PROBLEM TO SOLVE
When you retype the data, keep every word exactly and include none of the pictures.

----- COLLECTED MATERIAL

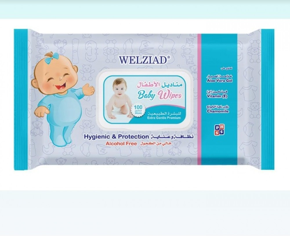 مناديل اطفال 100 منديل للبشرة الطبيعية من ويلزاد welziad
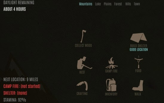 野外生存 Survive - Wilderness survival是一款模拟野外生存的游戏,游戏中玩家需要做的就是如何存活下来,怎么支配时间,怎么获取食物都要靠玩家自行决定。游戏中也有很多工具,工具之间有联系,有些需要组合起来用。游戏中不仅仅是野外生存,还有城市、森林等多个地形的生存。游戏主要考验玩家的思考能力和野外生存知识的掌握。游戏很有趣,只不过是英文。
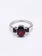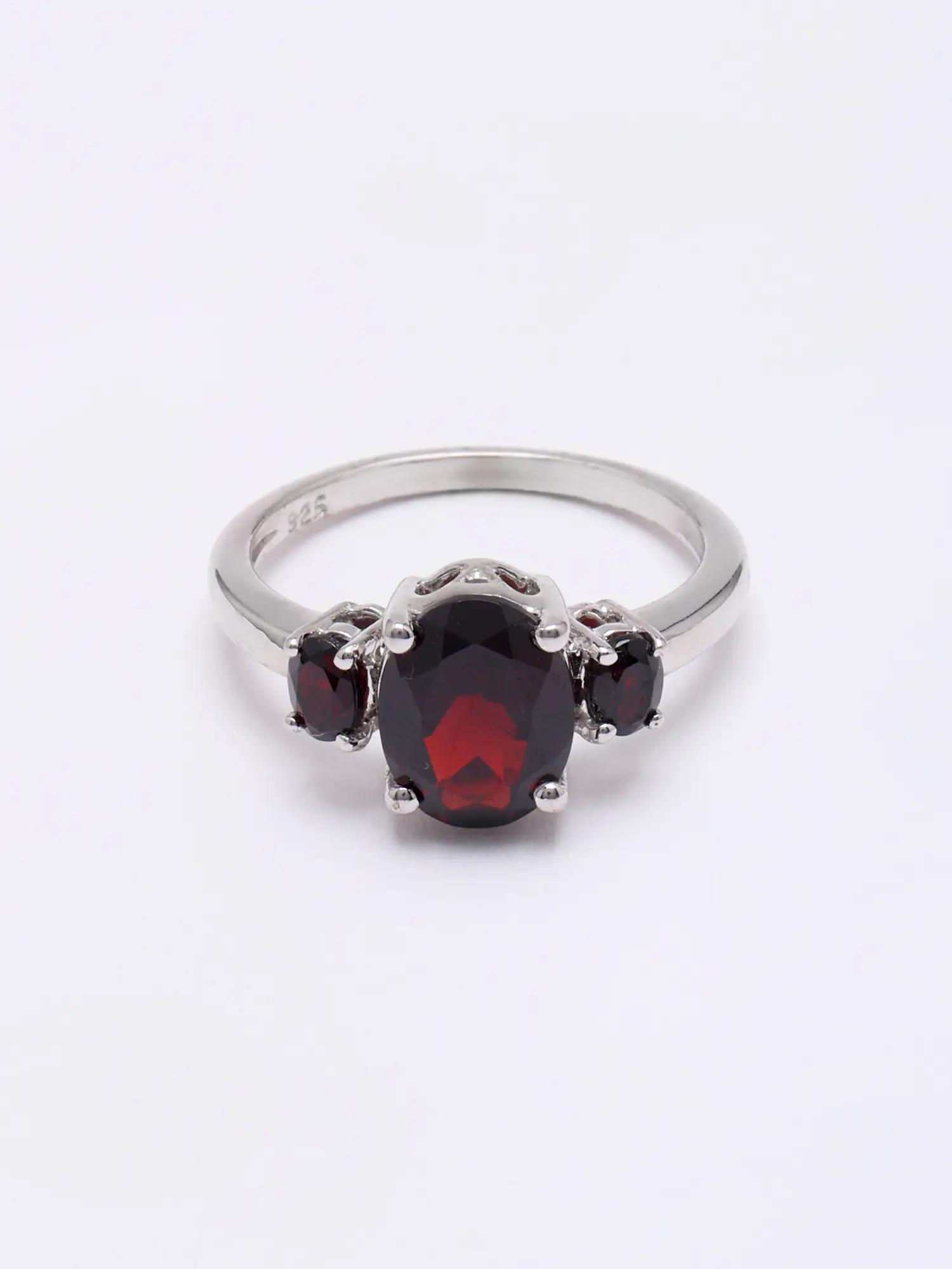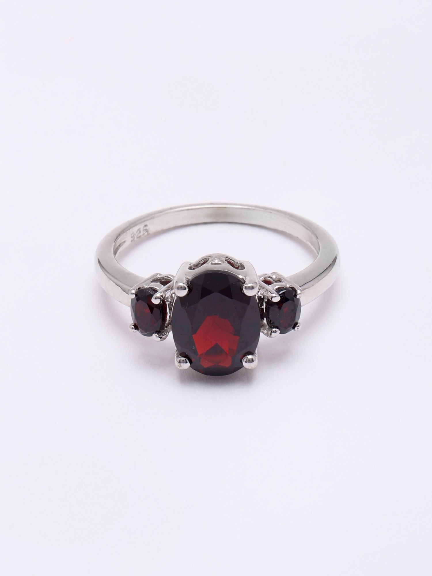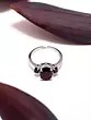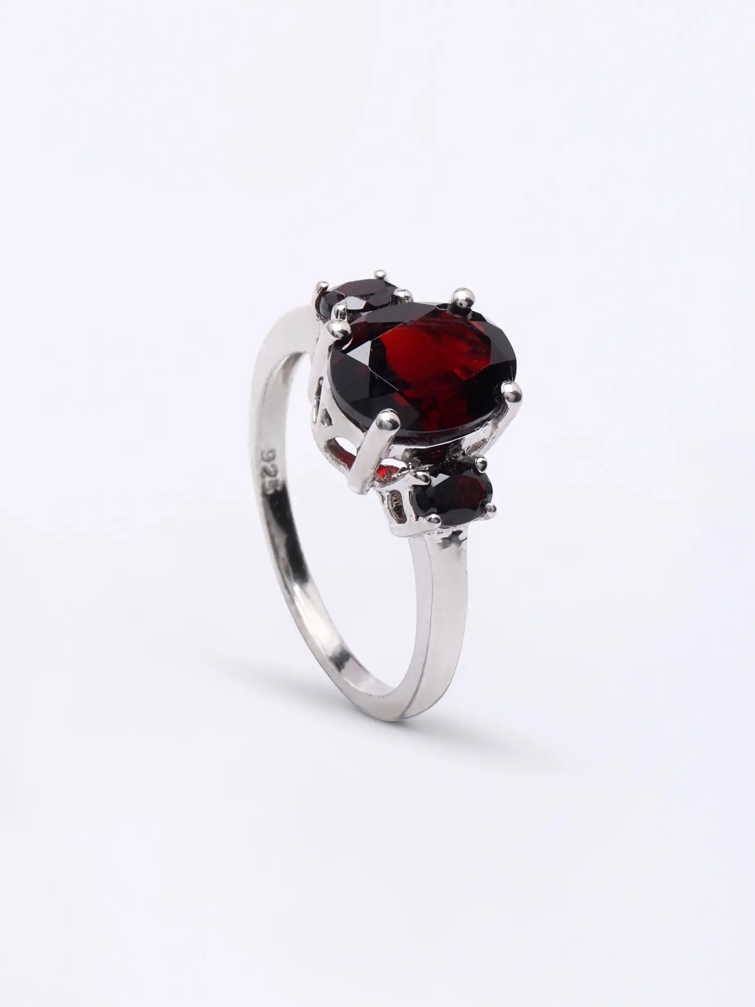 Adjustable Floral Design Sterling Silver Ring with Garnet and Crystal Stone
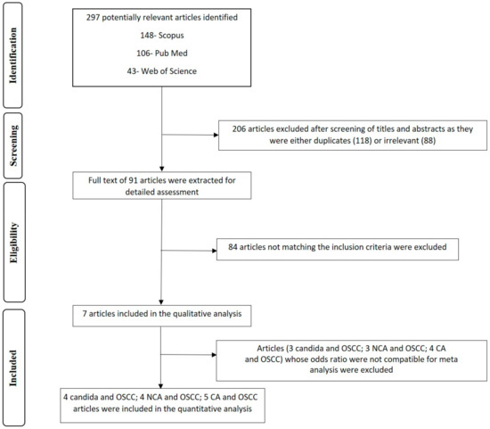 Keywords ‘Candida and oral squamous cell carcinoma’, identified 297 (PubMed-106, Scopus-148, Web of Science-43) articles.

----------

ANSWER FOR THIS EXERCISE
 مناديل اطفال 100 منديل للبشرة الطبيعية من ويلزاد welziad
 野外生存 Survive - Wilderness survival是一款模拟野外生存的游戏,游戏中玩家需要做的就是如何存活下来,怎么支配时间,怎么获取食物都要靠玩家自行决定。游戏中也有很多工具,工具之间有联系,有些需要组合起来用。游戏中不仅仅是野外生存,还有城市、森林等多个地形的生存。游戏主要考验玩家的思考能力和野外生存知识的掌握。游戏很有趣,只不过是英文。
 Adjustable Floral Design Sterling Silver Ring with Garnet and Crystal Stone
 Keywords ‘Candida and oral squamous cell carcinoma’, identified 297 (PubMed-106, Scopus-148, Web of Science-43) articles.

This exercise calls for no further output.